Tsk. If it's a true account then the writer is a complete cad. He's also lost his claim to gentlemanly status as one would not publicly brag about such appalling behavior.

Cordially,
Adrian Quay


----------



## Duck (Jan 4, 2007)

What a jerk. All of it screams for attention. He posted earlier about making a lot of money because of new clients, shameful.


I apologize for my foul language earlier.


----------



## Flanderian (Apr 30, 2008)

Oh, gosh! But Richard is very young and still evolving. And sometimes I wonder if he may just be trying to have a bit of fun with everyone.

Added after reflection: Yes, this is pretty bad, if he's not just trying to put everyone on. What I hear in that story is the echo of an ethos that permeates popular culture and is even resident in all too many business school graduates I encounter. I.e., "Others do not matter, and I can do anything to get what I want."

Added after further reflection: The above ethos described is essentially the definition of a sociopath.


----------



## A Questionable Gentleman (Jun 16, 2006)

Valmont would approve.


----------



## Cowtown (Aug 10, 2006)

I like some of the pictures he posts.

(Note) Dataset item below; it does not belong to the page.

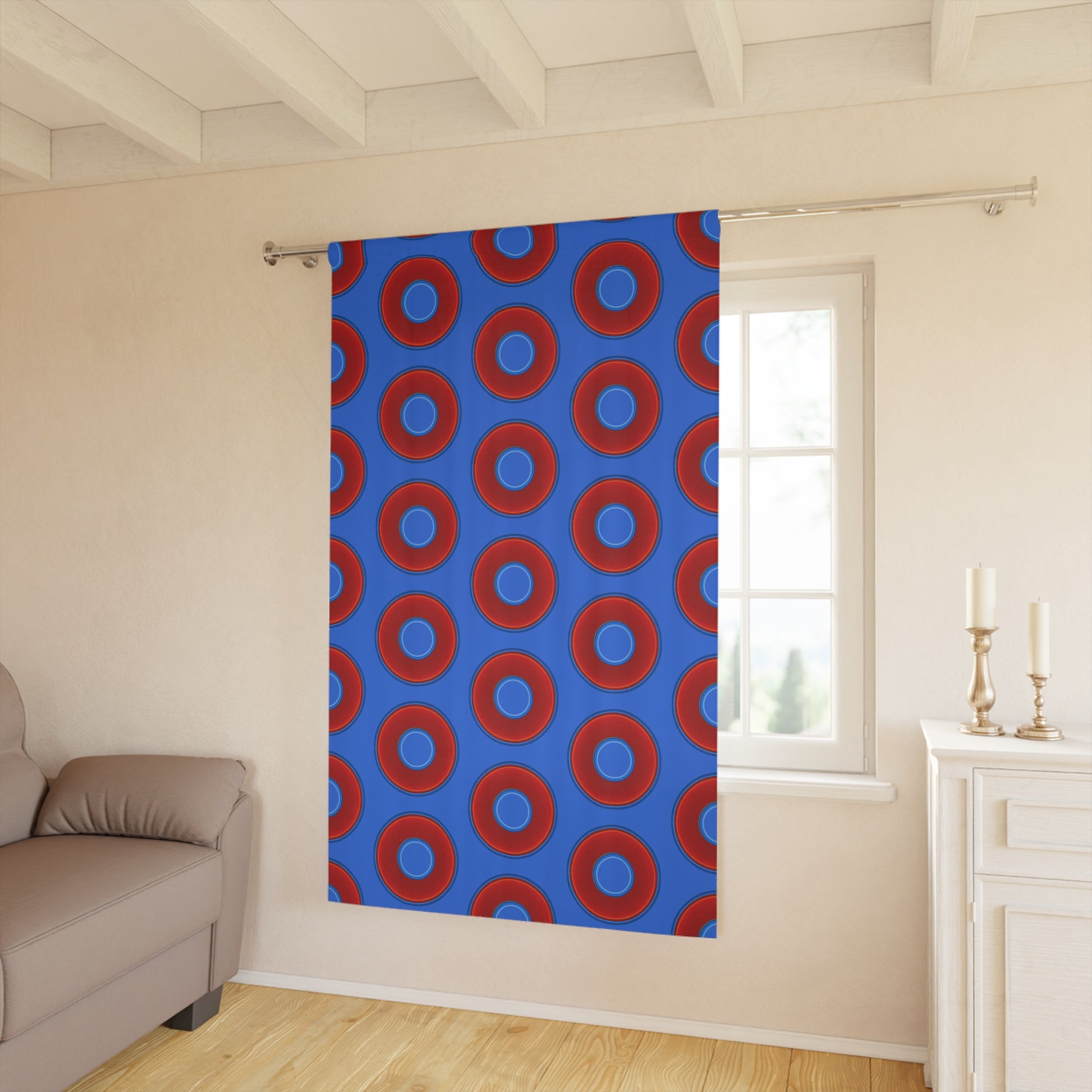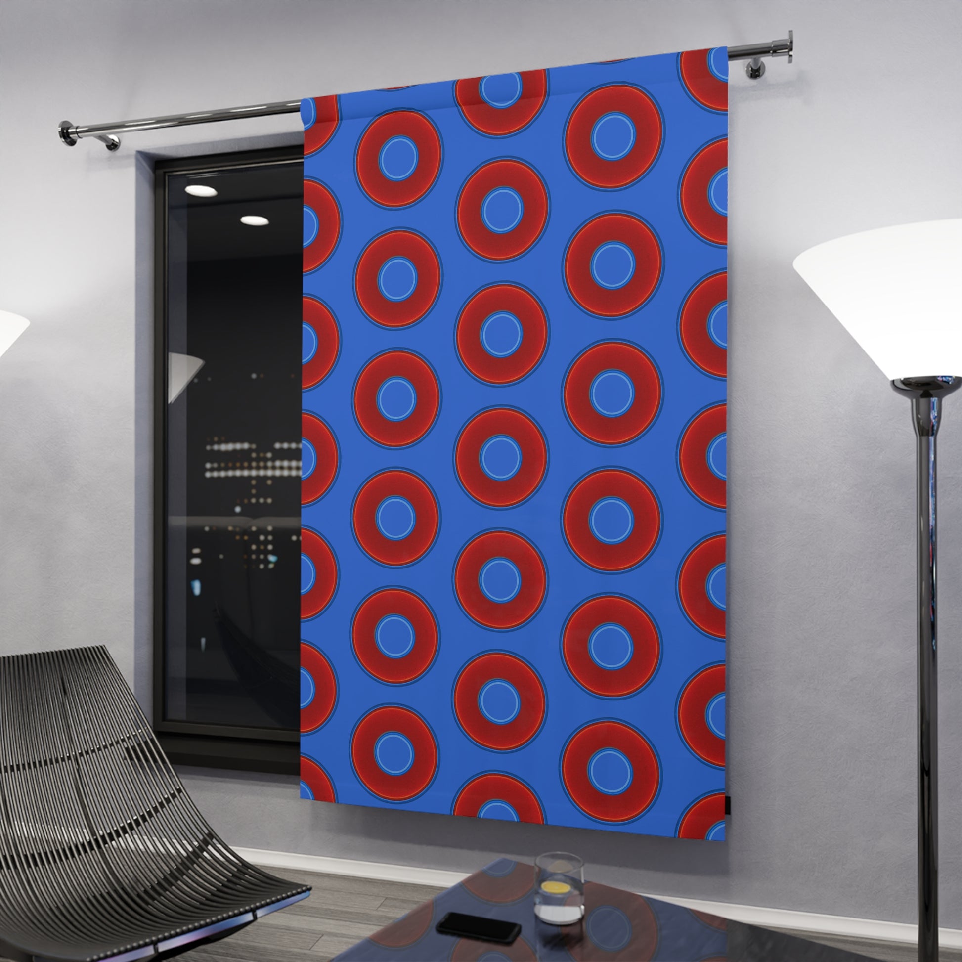 Lump's Heady Curtain w/Donuts - vivid red donut print - w/medium royal blue background - [*1 Piece / 50" x 84"]

I take his stories with several large grains of salt.


----------



## I_Should_Be_Working (Jun 23, 2005)

I don't really know about the type of folks most here have met, but this tale is very much in character with the sort of guy who would create a blog labeled WASP 101.

Whether he is real or imagined, it does not matter. The people who follow rules are those wanting to join the club. Once in, they act like heathens and use others who follow rules to fix their mistakes.


----------



## Duck (Jan 4, 2007)

It looks like a RL ad.


----------



## A Questionable Gentleman (Jun 16, 2006)

It's like a scene from _Justine_.


----------



## Flanderian (Apr 30, 2008)

Duck said:


> It looks like a RL ad.


While it isn't, that's what he often posts, and what seems to serve as his touchstone. Fifteen years ago, that would have been less of a mistake.

Upon just returning from his blog, I was finally confronted with the obvious: here we all are discussing the blog and author, undoubtedly generating traffic. If you want to sell something in print, the easiest and surest way to do it isn't to say, "Square peg in square hole." It's to publish something akin to an old National Enquirer article, I.e., "Mother gives birth to Martian baby, etc., etc., etc."


----------



## marmer (Jun 11, 2008)

True enough, Flanderian. I read Richard's blog daily, and enjoy his pictures. I read the entry in question and commented on the blog site before it showed up in this forum.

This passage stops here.